Give it a week or two and if it hasn't settled, ask your doctor if you can reduce the dosage for a while.


----------



## Psychomuso (Sep 19, 2009)

I go along with what the others have said. I was on 500mg metformin 3 times a day when I was first diagnosed. After 6 months, I decided I had had enough, not only was I struggling to take it 3 times a day (due to irregular eating habits), I really couldn't deal with the GI side effects as they were ruling my life. My consultant changed me to 1g glucophage which he told me to take with my evening meal - he said that as it was a slow release version of metformin it was gentler and the effects do seem to be better. It may be a silly question, but are you taking it within 20 min either side of eating? I've come across a few people who didn't and if you take it without eating within 20 min you will get the full blast of side effects (please excuse the bad pun )


----------



## Caroline Wilson (Sep 19, 2009)

Hi there Caz, you are in the right place for asking questions. Welcome to the forums. The side effects from metformin settle after a while. If it is too uncomfortable some people find things like imodium helps, but take advice first. If that fails some people find slow release metformin is better, but you need to talk to your doctor about it.


----------



## Tezzz (Sep 19, 2009)

Hi and welcome to the forum.

I found that the side effects are not so bad if I take them with food.


----------



## cazscot (Sep 19, 2009)

*Thanks*

Many thanks everybody.  I will wait a couple of weeks to see if it settles. Thanks again.


----------



## lynneb (Oct 1, 2009)

*metformin*

Hi, I was put straight onto 500mg of glucophage sr for 10 days then onto 2 x 5mg, had blood test last week and was 7, but still not low enough she says so onto 3 x 500mg a day, but i take the all together in the evening after i have eaten. I havnt had any side effects at all. I saw sone of you take these 3 times a day, is my nurse wrong? should i be taking them 3 times a day, or all together?


----------



## Psychomuso (Oct 2, 2009)

Lynneb, your nurse isn't wrong, it depends on what works for you. I was on 2 500mg tablets that I took with my evening meal, I then tried splitting the dose to try to lessen the side effects but it didn't work for me. On Tuesday I saw the consultant and he put me on Sitagliptin which doesn't seem to have the GI effects that metformin has.

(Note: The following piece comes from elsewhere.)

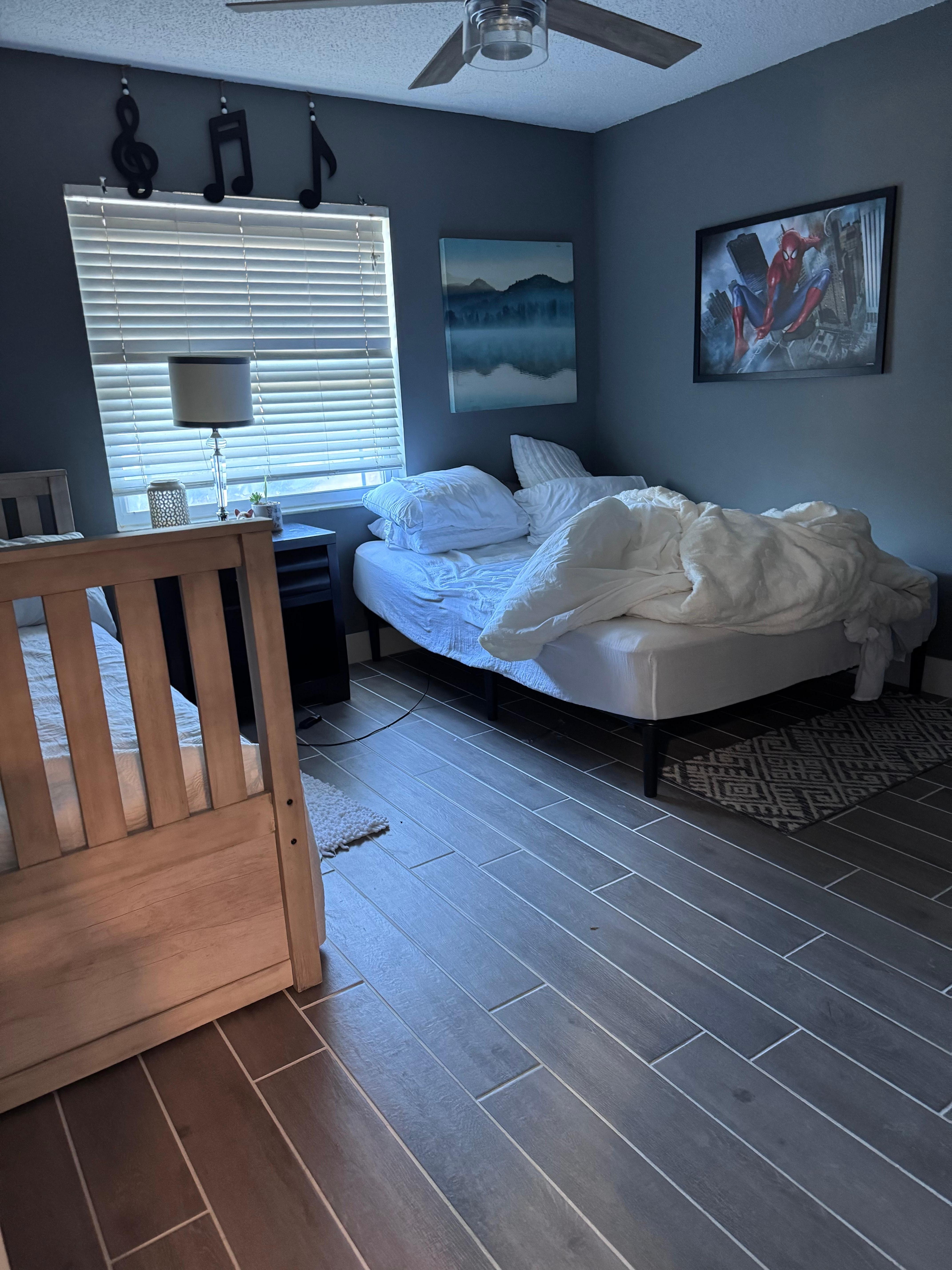 The stay was a bit of a mixed bag of good and bad. Cesar, the host, was welcoming and very communicative before and during much of the stay. At first all looked ok, but late in the evening 10/30 into the morning 10/31 we saw there were a number of issues, and 11/1 more issues occurred:10/31 report was made to Cesar and VRBO, partial credit was issued:beds had long hairs in them on the sheets and/or pillowsfloors in the bedrooms and bathrooms were not properly cleaned. rooms are setup on a remote control system with individual remotes for their lights and fans, but the signals cross causing one remote to control both so we ended up waking each other up accidentally during the night a few times. The fan also in the smaller guest room with the full and twin bed clicked very loudly every time used. Had to get our own fan to use in one room due to AC being boxed and at a set temp making the house at times get warmer than we liked.Microwave had broken handle and had to be pried open to use11/1 report was made to Cesar and VRBO, 2nd issue was left unresolved additional credit pending:Wall shelf in bathroom fell due to improper installationFuse for kitchen blew causing lights, microwave, air fryer, and toaster oven unusable. The only other plugs available to use were also connected to blown fuse. Other things of note: this is a shared house with limited access to laundry, both couches are broken (one literally coming apart), & the walls are very thin. Charming this was not.

Apparently, it also helps weight loss and is unlikely to give me hypos.


----------



## grovesy (Oct 2, 2009)

lynneb said:


> Hi, I was put straight onto 500mg of glucophage sr for 10 days then onto 2 x 5mg, had blood test last week and was 7, but still not low enough she says so onto 3 x 500mg a day, but i take the all together in the evening after i have eaten. I havnt had any side effects at all. I saw sone of you take these 3 times a day, is my nurse wrong? should i be taking them 3 times a day, or all together?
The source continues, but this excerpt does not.